Task requirements = Look through the listing below for the line containing "توزيعات رمضانية بصينية". Copy it and each line after it up to and including the line containing "(02 Ağustos 2019", exactly, leaving out pictures.

### Extracted data

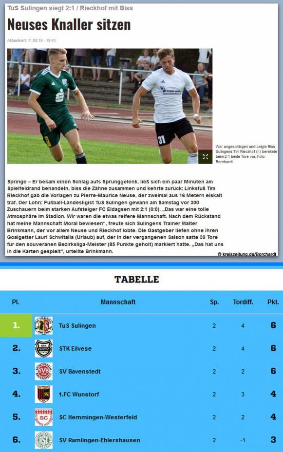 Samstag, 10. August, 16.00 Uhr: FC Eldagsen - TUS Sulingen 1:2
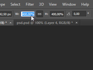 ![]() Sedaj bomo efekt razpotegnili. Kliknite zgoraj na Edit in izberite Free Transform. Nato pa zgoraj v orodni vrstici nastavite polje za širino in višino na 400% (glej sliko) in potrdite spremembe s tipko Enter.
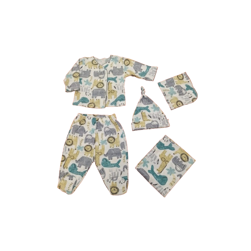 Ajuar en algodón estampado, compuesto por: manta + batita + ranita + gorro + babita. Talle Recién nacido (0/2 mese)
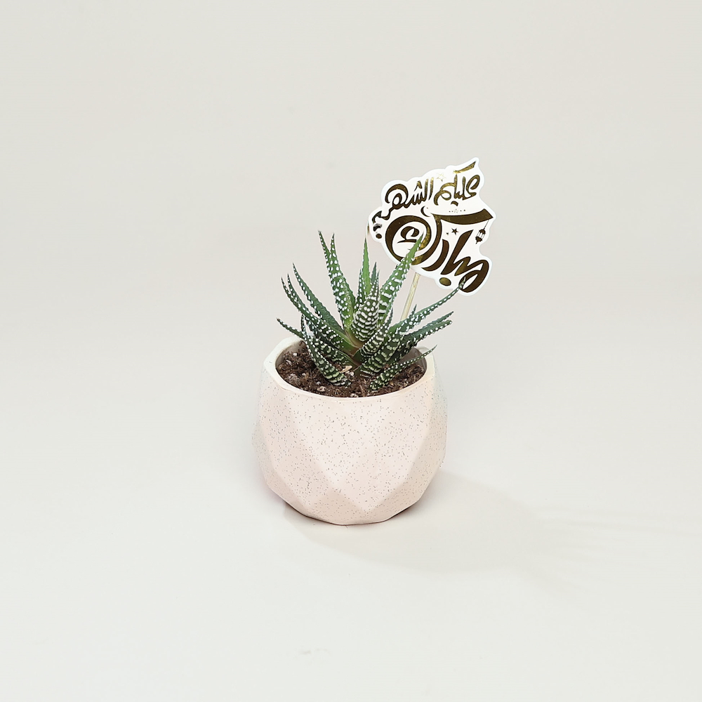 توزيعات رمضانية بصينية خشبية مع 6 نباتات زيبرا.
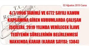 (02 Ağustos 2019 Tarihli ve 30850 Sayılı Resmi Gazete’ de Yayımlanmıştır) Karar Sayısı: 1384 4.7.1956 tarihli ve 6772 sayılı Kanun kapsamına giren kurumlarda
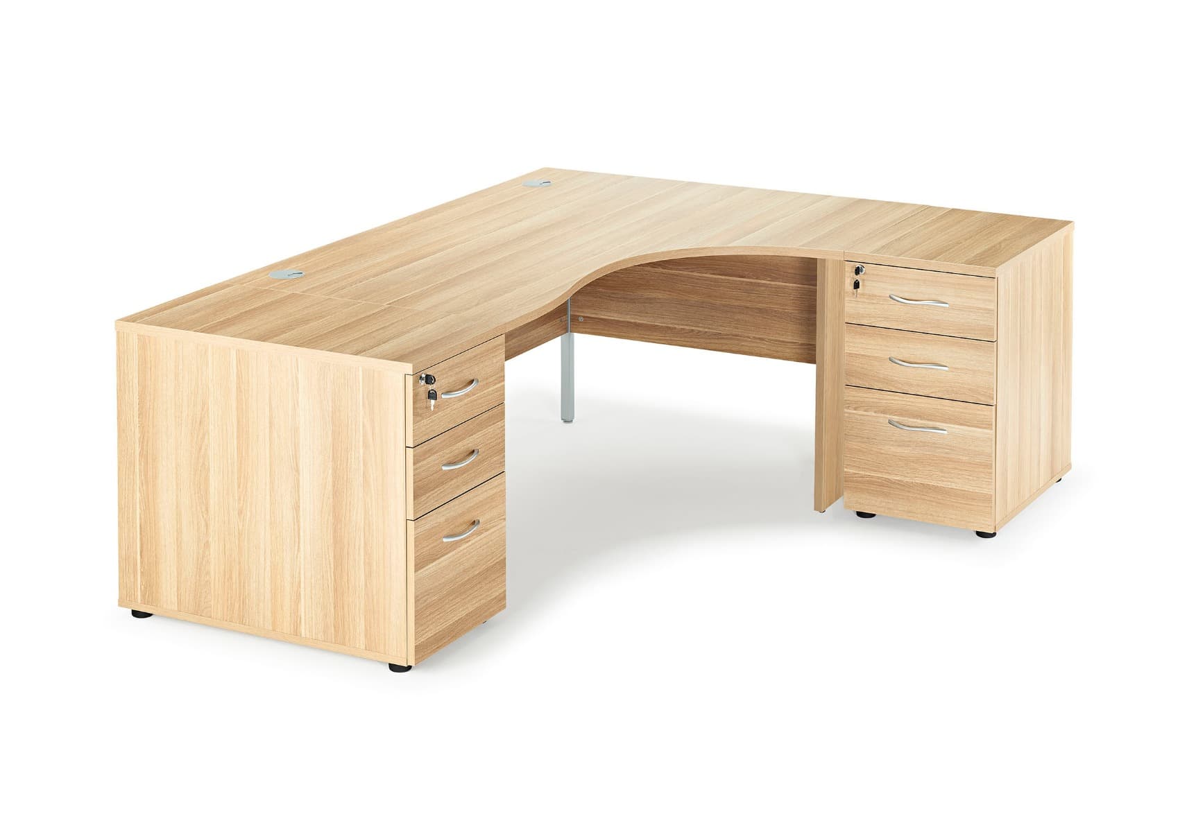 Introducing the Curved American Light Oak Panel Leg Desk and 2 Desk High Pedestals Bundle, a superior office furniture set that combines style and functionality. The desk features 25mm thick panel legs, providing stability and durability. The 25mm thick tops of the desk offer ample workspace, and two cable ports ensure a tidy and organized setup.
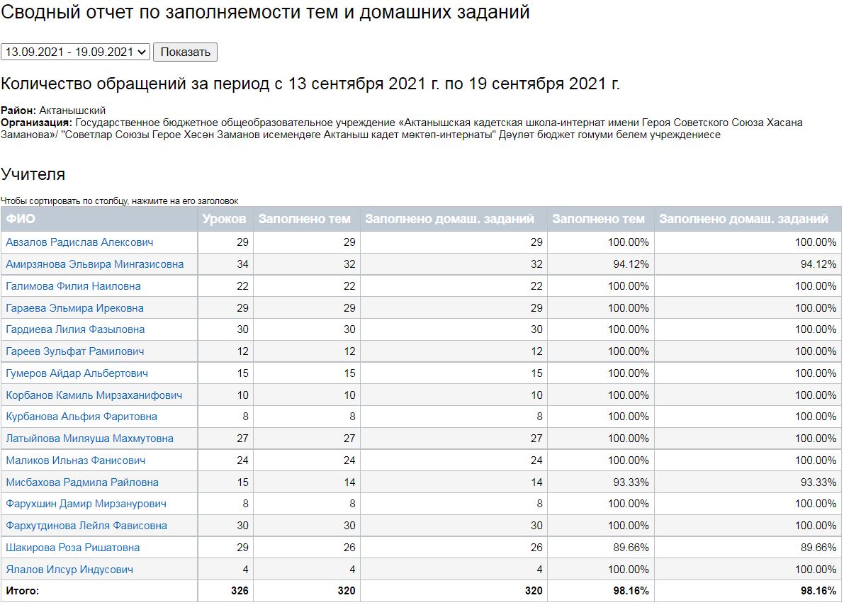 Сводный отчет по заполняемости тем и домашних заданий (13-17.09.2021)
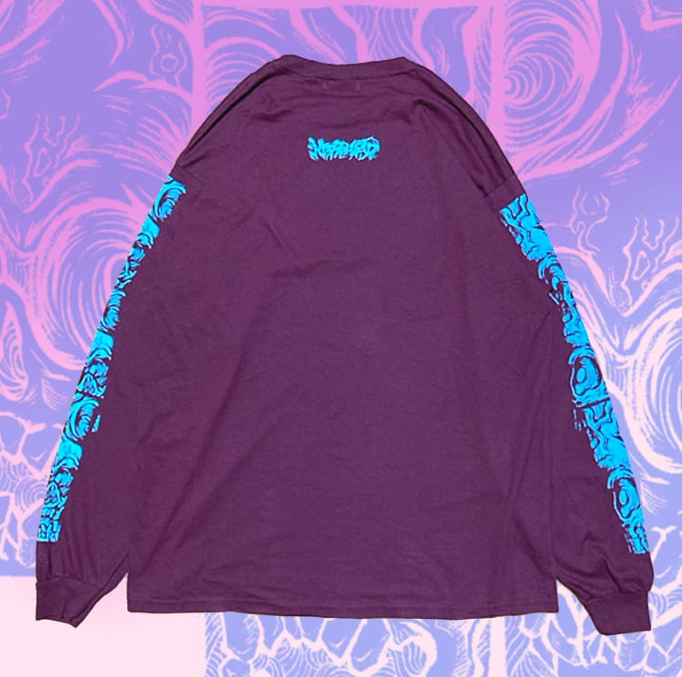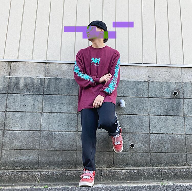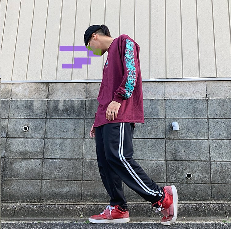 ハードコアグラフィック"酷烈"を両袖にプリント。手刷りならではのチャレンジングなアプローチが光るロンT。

######
### Extracted data

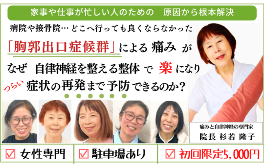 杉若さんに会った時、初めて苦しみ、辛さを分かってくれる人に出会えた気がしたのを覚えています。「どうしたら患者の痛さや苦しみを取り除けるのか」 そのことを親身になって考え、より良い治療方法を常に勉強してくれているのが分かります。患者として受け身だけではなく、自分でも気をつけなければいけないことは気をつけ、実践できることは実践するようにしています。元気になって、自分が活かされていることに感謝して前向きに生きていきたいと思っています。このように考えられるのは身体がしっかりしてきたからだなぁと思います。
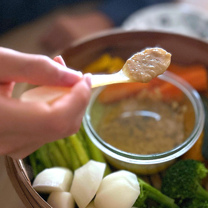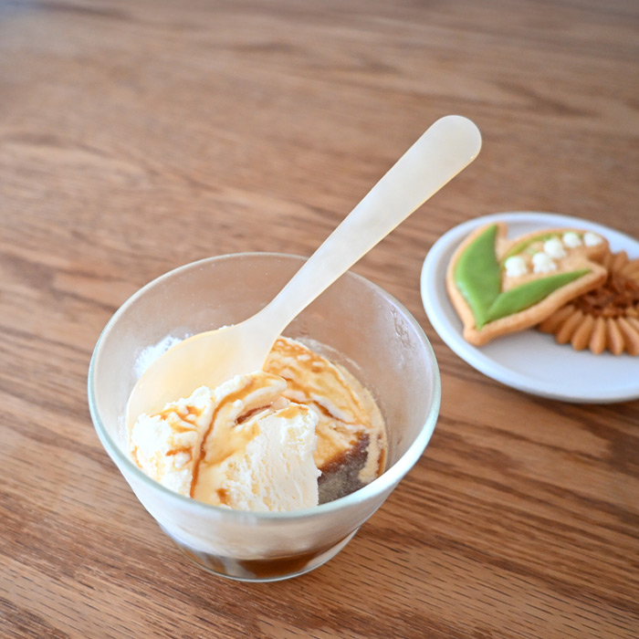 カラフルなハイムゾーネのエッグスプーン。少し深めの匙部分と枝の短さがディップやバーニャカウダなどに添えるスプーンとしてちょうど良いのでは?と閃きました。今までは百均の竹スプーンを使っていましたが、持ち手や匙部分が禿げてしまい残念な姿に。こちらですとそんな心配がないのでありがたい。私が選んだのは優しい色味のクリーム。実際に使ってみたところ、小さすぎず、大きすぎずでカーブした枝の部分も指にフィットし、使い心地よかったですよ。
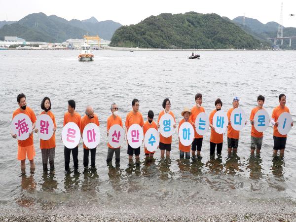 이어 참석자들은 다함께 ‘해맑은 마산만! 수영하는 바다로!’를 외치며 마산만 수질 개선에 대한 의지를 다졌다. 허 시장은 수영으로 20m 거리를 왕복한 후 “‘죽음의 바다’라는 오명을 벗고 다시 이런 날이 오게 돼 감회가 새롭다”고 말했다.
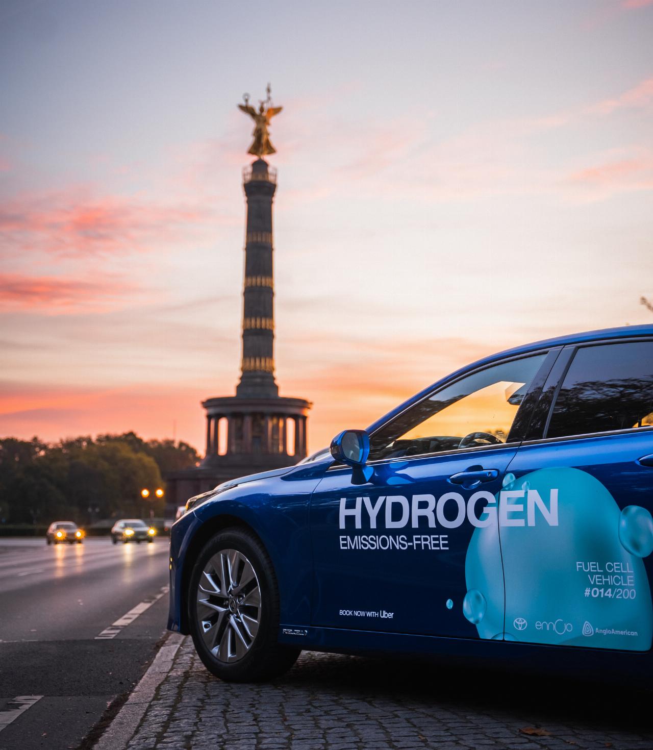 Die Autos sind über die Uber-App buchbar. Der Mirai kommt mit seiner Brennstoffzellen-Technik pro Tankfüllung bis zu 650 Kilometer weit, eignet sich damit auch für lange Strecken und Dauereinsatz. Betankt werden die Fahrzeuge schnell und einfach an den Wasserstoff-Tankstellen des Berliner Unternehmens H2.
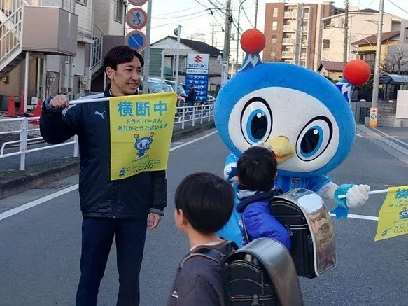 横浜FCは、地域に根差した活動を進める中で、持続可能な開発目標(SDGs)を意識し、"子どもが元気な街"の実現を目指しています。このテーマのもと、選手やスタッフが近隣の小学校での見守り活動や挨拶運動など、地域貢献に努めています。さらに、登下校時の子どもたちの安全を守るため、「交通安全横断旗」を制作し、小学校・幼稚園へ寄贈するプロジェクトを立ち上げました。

######
### Extracted data

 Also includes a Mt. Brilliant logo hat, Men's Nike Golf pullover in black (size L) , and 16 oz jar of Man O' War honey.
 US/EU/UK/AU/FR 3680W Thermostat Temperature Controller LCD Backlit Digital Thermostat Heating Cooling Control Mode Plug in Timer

######

Exercise response =
 توزيعات رمضانية بصينية خشبية مع 6 نباتات زيبرا.
 (02 Ağustos 2019 Tarihli ve 30850 Sayılı Resmi Gazete’ de Yayımlanmıştır) Karar Sayısı: 1384 4.7.1956 tarihli ve 6772 sayılı Kanun kapsamına giren kurumlarda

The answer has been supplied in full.